This week, the Government decided to quietly bring forward the introduction of the contentious Treaty Principles Bill to this Thursday, without announcing it. And Newsroom understands the bill’s three principles would be used to interpret any law where Treaty principles would normally be considered relevant – not just legislation that refers to Treaty principles directly.
Bringing the bill forward will allow it to be introduced before the protest hīkoi arrives on Parliament’s forecourt; equally or more importantly, it would have put the bill before the House before the Waitangi Tribunal was scheduled to report on the process.
This was significant, because section 6 of the Treaty of Waitangi Act 1975 bars the tribunal from considering or reporting on any bill that is before Parliament.
The decision to bring the bill’s introduction forward wasn’t disclosed in the Prime Minister’s post-Cabinet press conference but Associate Justice Minister David Seymour says the tribunal is reading too much into it.
“Frankly, the level of self-importance, that the Waitangi Tribunal is indulging in, has maybe led to them over-analysing a little bit,” he tells Newsroom. “It’s disappointing, because the Waitangi Tribunal’s claim is that we all have a role to play honourably, and yet, within hours of us giving them information, it’s all over the media.
“I’m not going to say it’s a betrayal of trust, but their behaviour in the last few years resembles more of a political activist group than an august chamber designed to resolve some of the scars of a nation’s history.”
Certainly, the early introduction of the bill could have effectively neutered the tribunal.
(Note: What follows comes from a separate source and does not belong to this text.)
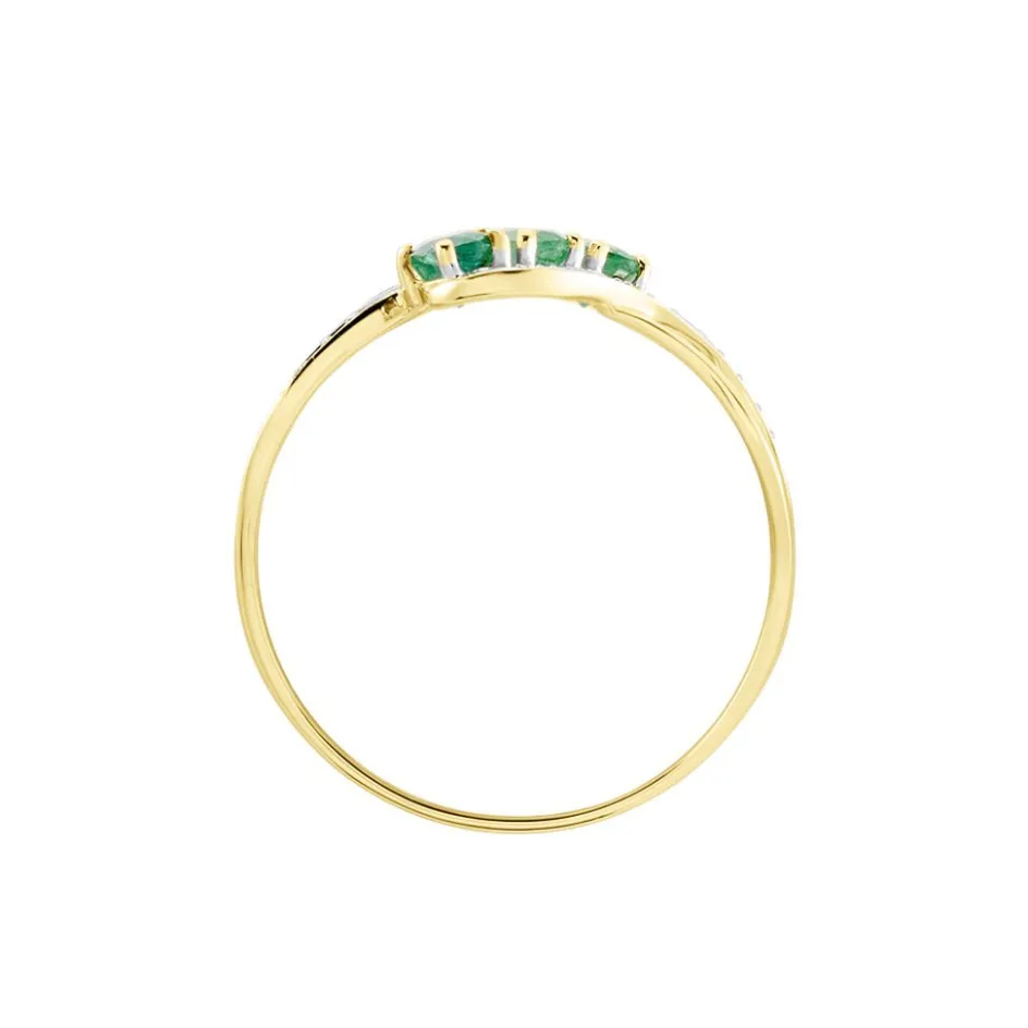 Bague Or Jaune 375/1000 Trilogie Emeraude Pavage Diamants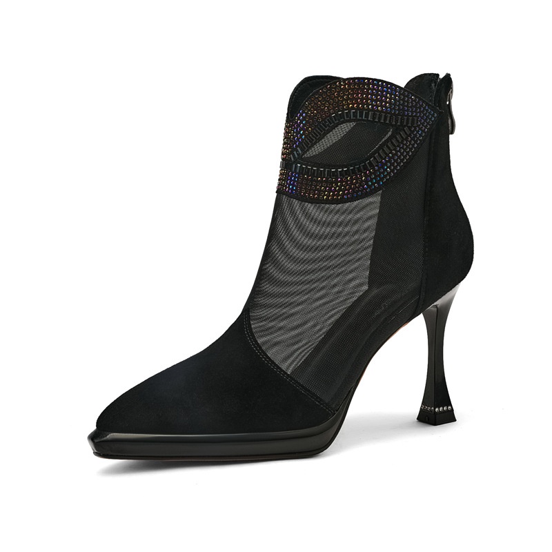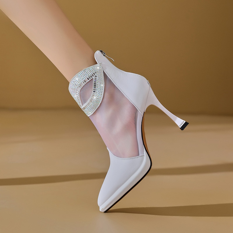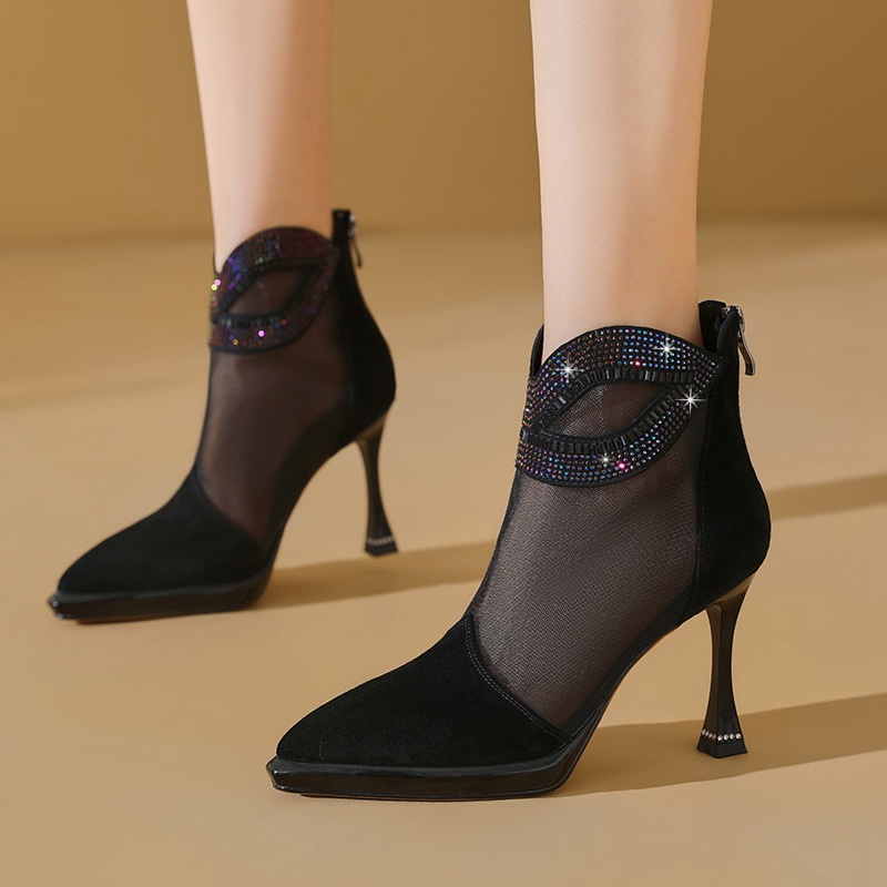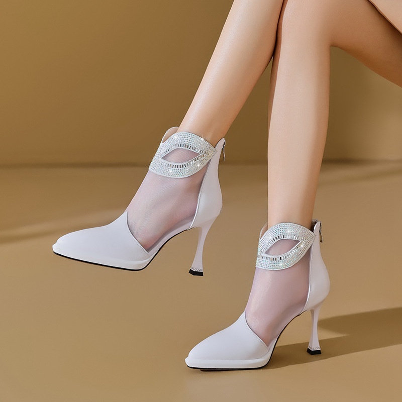 Cowhide Stitching Mesh High Heel Boots Hollow Sandals Spring And Summer Women's Shoes Diamond Stiletto Heel Zipper Mesh Boots

The tribunal learnt of this.
So, on Tuesday night, speedily and without any advance notice, the tribunal also accelerated its own process. It released a pre-publication version of part two of its interim report into the Treaty Principles Bill.
It’s scathing. “If this bill were to be enacted, it would be the worst, most comprehensive breach of the Treaty/te Tiriti in modern times,” the report finds.
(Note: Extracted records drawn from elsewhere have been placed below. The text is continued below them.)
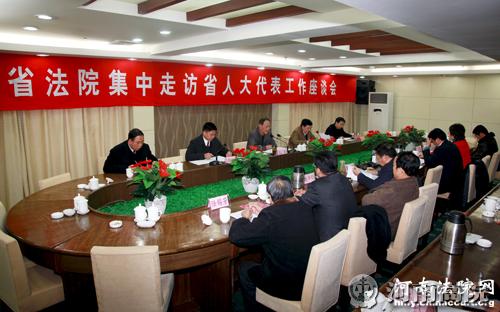 座谈会上,省高级人民法院就省高院狠抓执法办案,全力服务中原经济区建设;依法严惩涉及食品安全案件,保护人民群众生命健康安全;积极参与社会管理创新,化解矛盾纠纷;继续狠抓党风廉政建设,确保公正廉洁司法;狠抓基层基础建设,夯实社会和谐稳定基石等方面工作进行了通报。与会的驻宛省人大代表踊跃发言,代表们首先对全省法院一年来各项工作取得的成绩给予充分肯定,对全省法院广大法官公正司法、为民服务的精神给予高度评价,对法院面临的困难给予呼吁,对法院工作应当注意的问题和需要改进的方面提出中肯的意见。并在加强基层法院建设、加强法官队伍建设、廉政建设、维护法院判决严肃性等方面积极建言献策,提出建设性的意见和建议。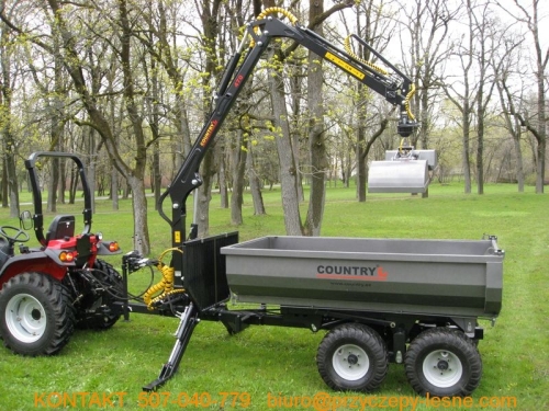 Przyczepy do trzebieży firmy COUNTRY charakteryzują się doskonałym wykonaniem z dbałością o najdrobniejsze szczegóły. Dzięki niewielkiej masie i kompaktowym wymiarom doskonale radzą sobie w trudnym terenie nawet ze słabszymi ciągnikami jak C330 czy C360. Są w zależności od wersji wyposażone w żurawie o długości od 3,3 do 4,7m z wysuwanym ramieniem teleskopowym. Hydraulika jest precyzyjna i szybka a zastosowane materiały pochodzą od producentów z Finlandii i Niemiec.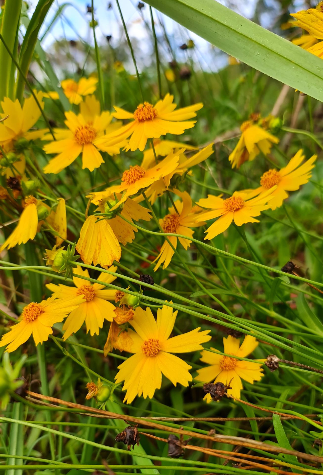 Coreopsis Lanceolata on edge of Deep Creek Reserve carpark, also commonly known as tickseed, Native to North America, adopted as Florida’s official state wildflower in 1991, but regarded as a weed in NSW and QLD. This garden escapee is listed as a priority environmental weed in one Natural Resource Management region and is commonly found on roadsides, along railway lines and in disturbed areas. Coreopsis (Coreopsis lanceolata) has invaded Australian native grasslands and open woodlands and is most abundant in the Stanthorpe district in south-eastern Queensland. However, it is thought to have the potential to become a major weed in open forest habitats within the coastal and sub-coastal districts of Queensland and New South Wales. Please pull it out or report to council if you spot it in our bush reserves.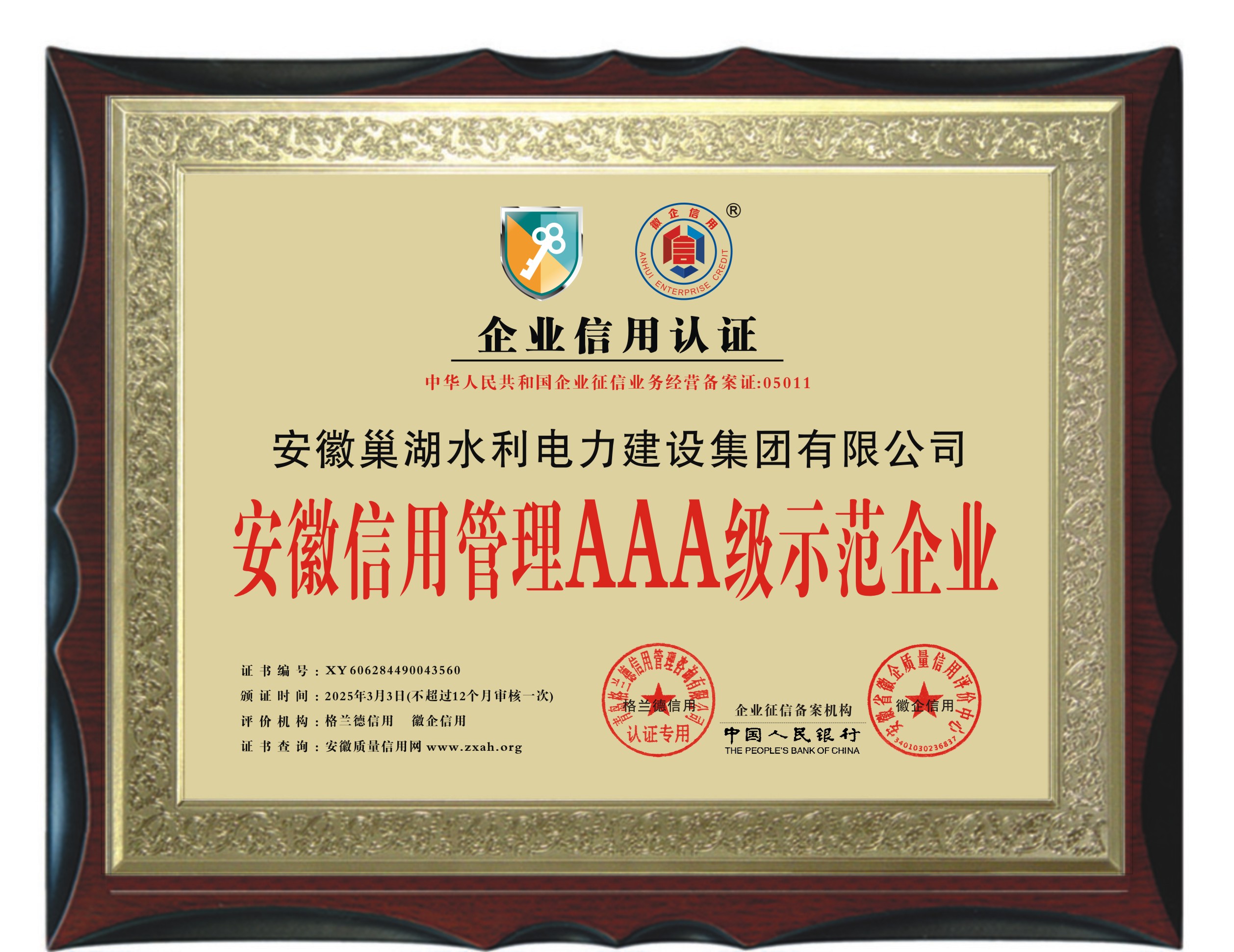 安徽信用管理AAA級示范企業(yè)

It refers to the notorious decision of Chief Justice James Prendergast in the 19th century court case, Wi Parata v The Bishop of Wellington, that is widely cited as setting a precedent for 100 years of harm to Māori. “The Crown would be turning the clock back to 1877 and the decision in Wi Parata that the Treaty/te Tiriti is a ‘simple nullity’,” the tribunal says.
Newsroom has spoken with Waikato-Tainui leader Tukoroirangi Morgan, Te Rarawa kaumatua Haami Piripi, and Ngāti Awa lawyer Natalie Coates. They’re angry, and plan to join the hīkoi to Parliament. They dispute Seymour’s insistence that his Treaty Principles Bill wouldn’t effectively rewrite the Treaty.
“They’re saying that they’re trying to promote a healthy conversation and national debate around this,” says Coates, the co-president of the Māori Law Society. “What’s happening is not that.”
“Seymour says he wants this national conversation, but then they try to cut off this particular voice, the Waitangi Tribunal. You would think the Government would welcome that expertise, given that they’re saying that it’s supposed to have been reflective of te Tiriti o Waitangi.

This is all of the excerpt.